Or stick to the hook with a dab of superglue


----------



## Dodge (Oct 12, 2005)

In lawn mowing days used that grub name a lot to test any posh lady client reactions, in lawn pests it's called a cockchafer grub. Might add with the ladies some blushed, and others laughed and immediately made cockchafer jokes .


----------



## grinner (May 15, 2008)

Mate i have tried those in my little stretch of the river and they did no good. 
That may not mean much.
The good old fashioned garden worm caught a few eel tailed catties in the same stretch


----------



## Barrabundy (Sep 29, 2008)

Dodge said:


> In lawn mowing days used that grub name a lot to test any posh lady client reactions, in lawn pests it's called a cockchafer grub. Might add with the ladies some blushed, and others laughed and immediately made cockchafer jokes .


_Hello Mr Dodge, I'm wondering if you could come over and sort out a problem I'm having at home, it could be a cockchafer but I'm sure you'll be able to help out with that sort of thing._


----------



## Guest (Mar 19, 2014)

filthy said:


> Has anyone tried them as bait before, might work well maybe on bream?

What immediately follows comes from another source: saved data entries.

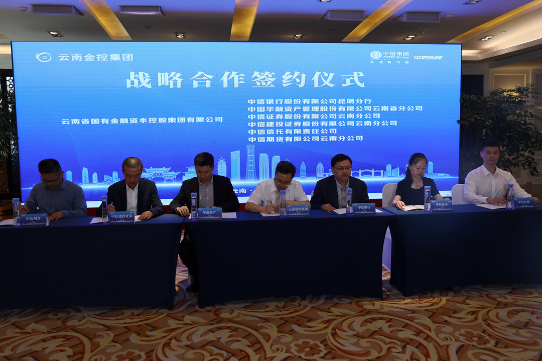 9月5日,集團總裁葉智勇率隊與中信集團協(xié)同委員會云南區(qū)域分會成員單位就發(fā)揮中信集團協(xié)同優(yōu)勢、進一步深化各領域全面合作舉行座談,并與中信集團在滇金融聯(lián)合體6家單位(中信銀行、中信證券、華融資產(chǎn)、中信建投、中信信托、中信期貨)簽訂戰(zhàn)略合作協(xié)議。中信集團業(yè)務協(xié)同部副總經(jīng)理任霞見證簽約。
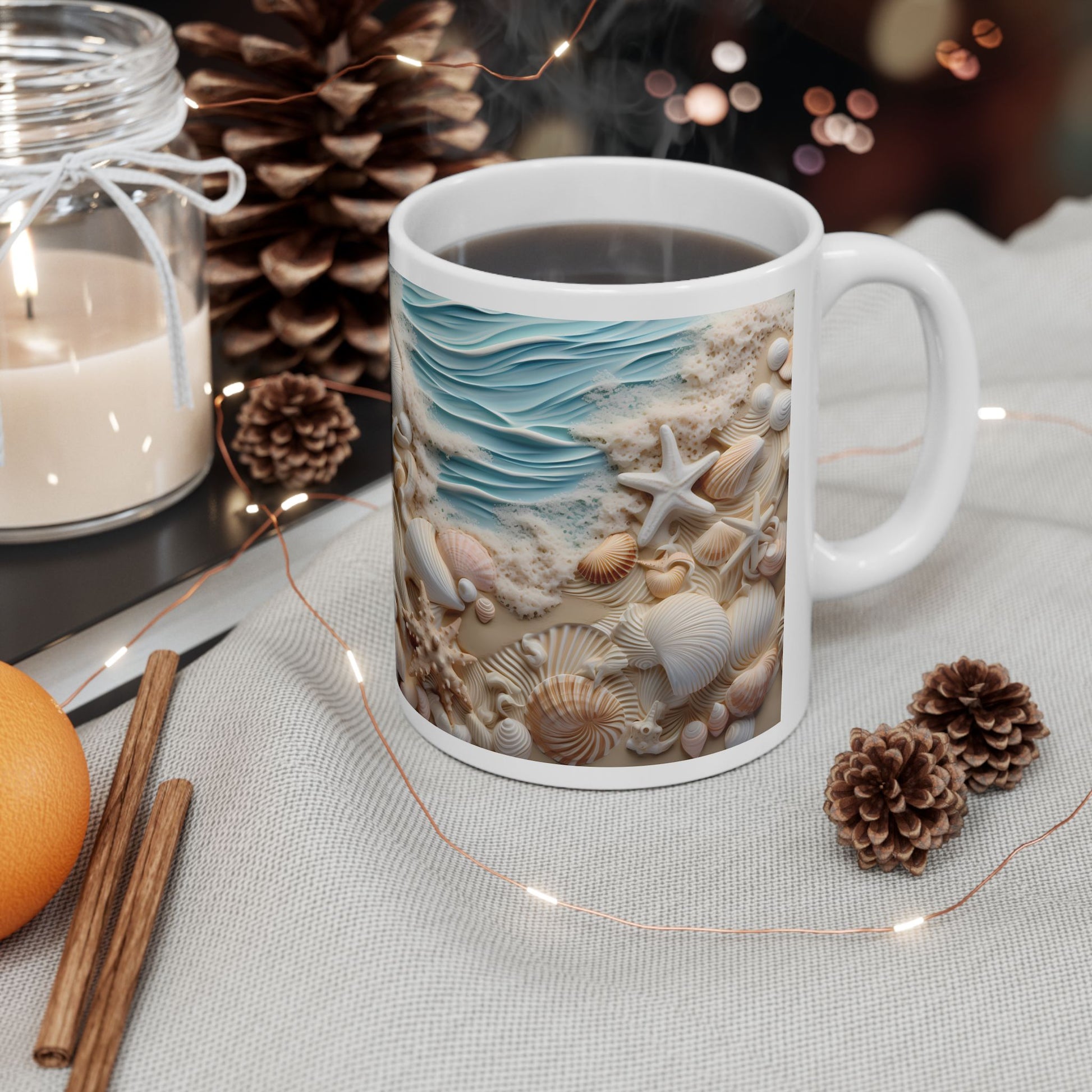 Morning by the shore, captured on glossy ceramic. This 11oz or 15oz mug wraps a calm, symmetrical seashell collage around its curve — soft sand tones, tiny starfish, and a pale blue horizon come together like a quiet tide pooling in a collection box. Hold it and feel a coastal pause: slow sips, salt air memories, and the hush of shells clinking together. It sits easily in your hand with a comfy C-handle and bright, durable printing that stays true after many washes. Use it for ritual mornings, late-night sketching, or as a small, thoughtful accent on a bookshelf or bedside table.
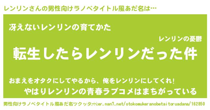 | 女子向けラノベタイトル風あだ名 | 『レンリンの玉の輿計画!』 |
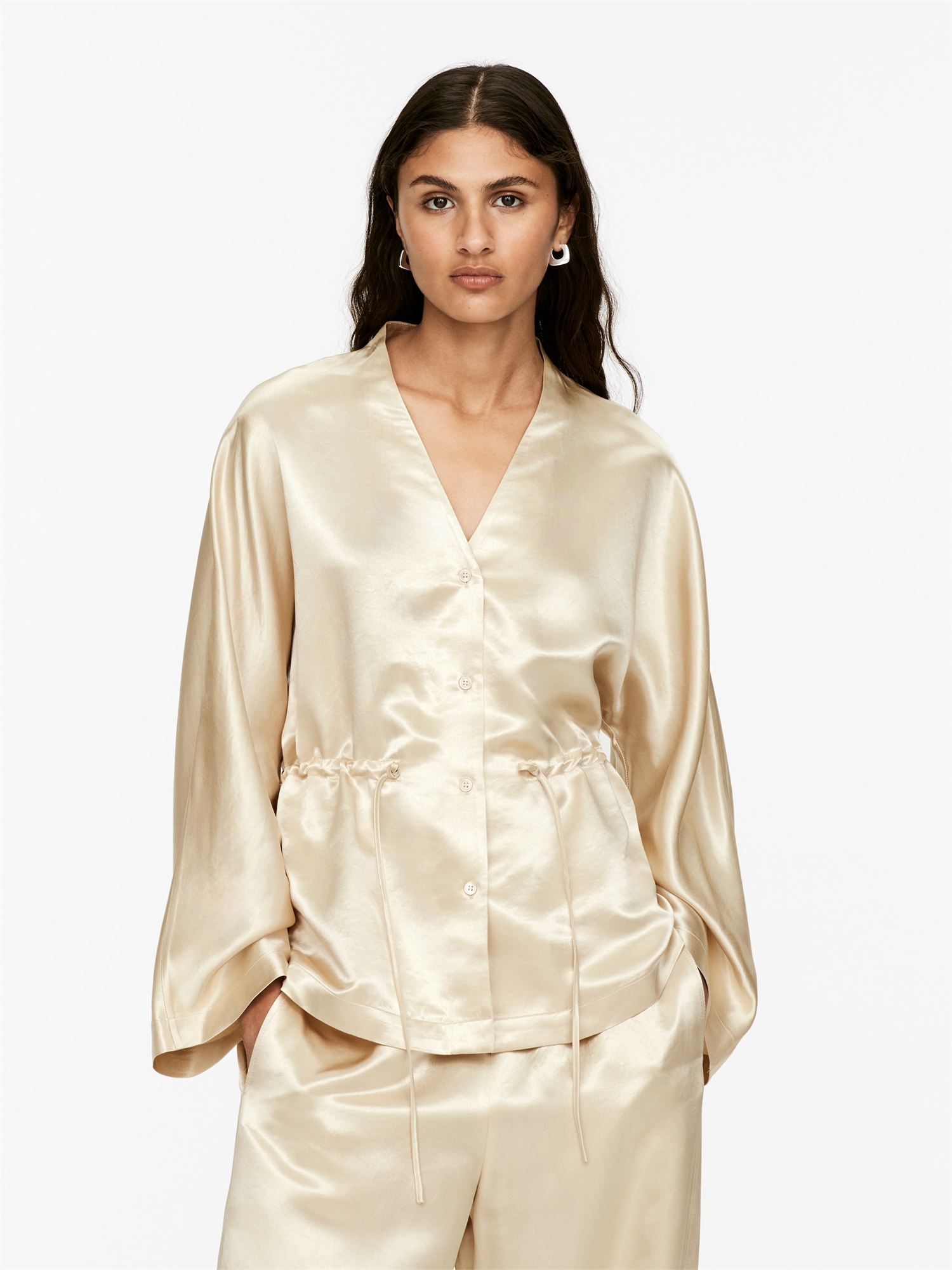 Блузка с рукавами-кимоно и регулируемыми ремешками на талии для создания эффекта пеплума. V-образный вырез и застежка на пуговицы. Обычный крой.

As a kid, tried them and failed chasing Redfin but don't let someone else's results influence you. Like lures, what does not work for one may work for another. Try a grub on a second line of hook. If you have success, there's a method to catch them with wet carpet or hessian on the following website:

http://www.sgaonline.org.au/white-curl-grub/


----------



## rodrocket (Apr 24, 2012)

Bertros said:


> RhubarbTheYeti said:
> 
> 
> > Mmmmmmmmmmmmm - Corby Grubs
> ...


No Yeti, these are fresh water (non-schapelle)
The "Schapelle" variety can be easily identified because 
they have a boogie board attached ;-)


----------



## RhubarbTheYeti (Oct 28, 2013)

rodrocket said:


> Bertros said:
> 
> 
> > RhubarbTheYeti said:
> ...


Thanks Rod but that was Bertros with the Schapelle comment


----------



## rodrocket (Apr 24, 2012)

Ok, got it.
Btw Yeti, what did you end up doing re PA's, or are u still contemplating


----------



## RhubarbTheYeti (Oct 28, 2013)

rodrocket said:


> Ok, got it.
> Btw Yeti, what did you end up doing re PA's, or are u still contemplating


Still contemplating - the Outback is still serving me well at the moment and just starting construction of the solid annex on my van here in Tas before I head back to SA for a few months work. No rush


----------